ML Model API

ML inference services have two constraints that generic API deploys don’t: large model weights that make the first build slow, and a runtime memory footprint that exceeds the default limits. This guide tackles both head-on.

By the end you’ll have a FastAPI inference endpoint live on Satusky, protected by an API key, sized for the model’s actual memory needs, and configured so that day-two deploys are fast.

Overview

Three things to understand before starting:

Memory limits. A 500MB model file expands in memory when loaded — PyTorch tensors, attention buffers, and the tokenizer vocabulary all live in RAM at once. Starting at 2Gi avoids an OOMKill on the first request. If the pod does get killed, you can raise the limit and redeploy without rebuilding the image — resource changes don’t touch the layer cache.
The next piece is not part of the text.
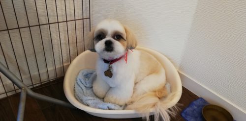 シーズーの こむぎちゃん 来店するなりベッドへ直行 収まりが良いみたい(^^) 今回から短く。。。 そして。。…

Docker layer caching. Kaniko respects standard Docker layer semantics. The pip install layer is keyed against requirements.txt. As long as that file doesn’t change, every rebuild after the first skips the pip step entirely and goes straight to copying your application code. A deploy that took four minutes the first time takes under a minute on the second.
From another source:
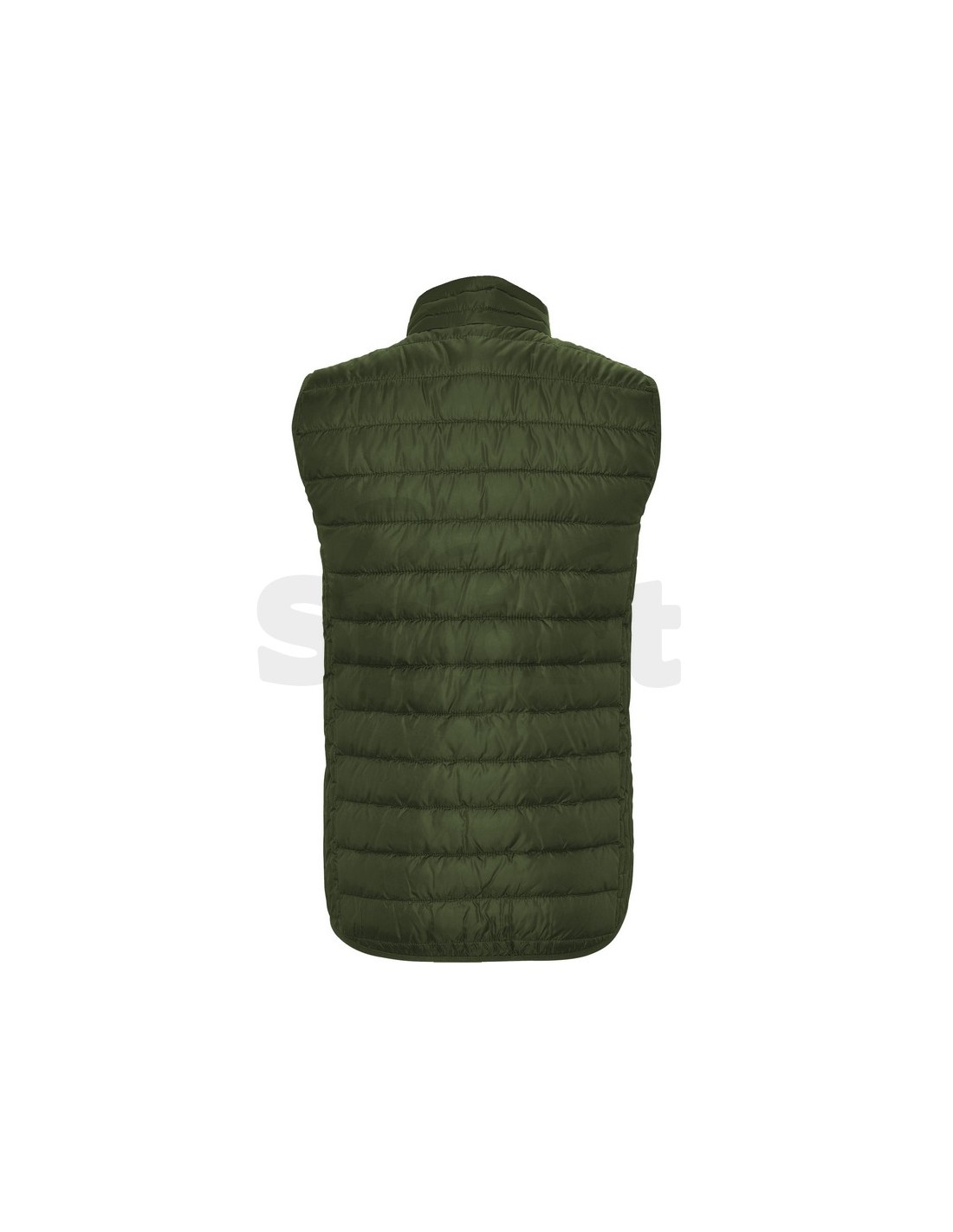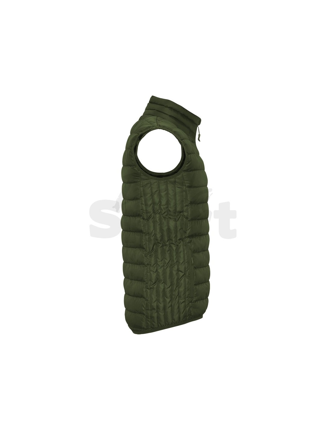 Gilet imbottito idrorepellente, zip frontale invertita tono su tono con protezione per il mento in tessuto uguale, tasche laterali con zip tono su tono inserite nei pannelli laterali, piping elastico invertito tono su tono su giromanica e orlo.

Requires cloud build: Layer caching only applies when deploying from source with a Dockerfile. If you’re testing with --image, the build step is skipped entirely and caching is not relevant.

Build context size. The cloud builder uploads your project directory before building. Large files that don’t belong in the image — raw datasets, notebook checkpoints, local weight files — inflate the upload and the context scan. A tight .dockerignore keeps uploads fast.
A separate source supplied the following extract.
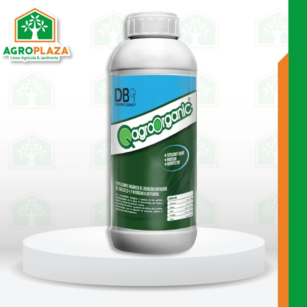 El compuesto activo de este fertilizante corresponde a Nitrógeno orgánico, Quitosano (Poli-β (1→ 4) N-acetil–D-glucosamina), polímero de origen natural, con ión calcio soluble este ultimo cumple la función de regular el pH del suelo, modula la acción de todas las hormonas vegetales regulando la germinación, el crecimiento y senescencia, el quitosano y su complejo con Nitrógeno contribuyen a mejorar la manera de aportar nitrógeno al suelo. El calcio es un macronutriente necesario en las plantas, actúa como modulando la acción de todas las hormonas vegetales regulando la germinación, el crecimiento y la senescencia. Este producto (QAGRO ORGANIC) evita la contaminación de las aguas, aire y suelo, así como también es inocuo para el productor; no provoca la acumulación de sustancias tóxicas en los productos agrícolas alimenticios. La aplicación y uso del quitosano y sus derivados como el QAGRO ORGANIC, se basan en las propiedades biológicas y químicas de estos polímeros, ya que son biodegradables en la tierra y es biocompatible con órganos, tejidos y células de animales y plantas, otros estudios sobre las cualidades del quitosano y derivados (QAGRO ORGANIC), han demostrado su efecto bioestimulador para aumentar los rendimientos de diversos cultivos.

Requires cloud build: Build context size only matters when deploying from source. Skip this concern when using --image with a pre-built image.

Project structure

ml-api/
├── app/
│   └── main.py
├── model/
│   └── weights.bin        # excluded via .dockerignore
├── notebooks/             # excluded via .dockerignore
├── data/                  # excluded via .dockerignore
├── requirements.txt
├── Dockerfile
├── .dockerignore
└── satusky.toml

model/weights.bin exists locally for experimentation. The Dockerfile downloads weights from HuggingFace at build time, so the image ships the weights without them being part of the build context upload.

.dockerignore

Requires cloud build: This section applies when deploying from source with a Dockerfile. Skip it if testing with a pre-built image.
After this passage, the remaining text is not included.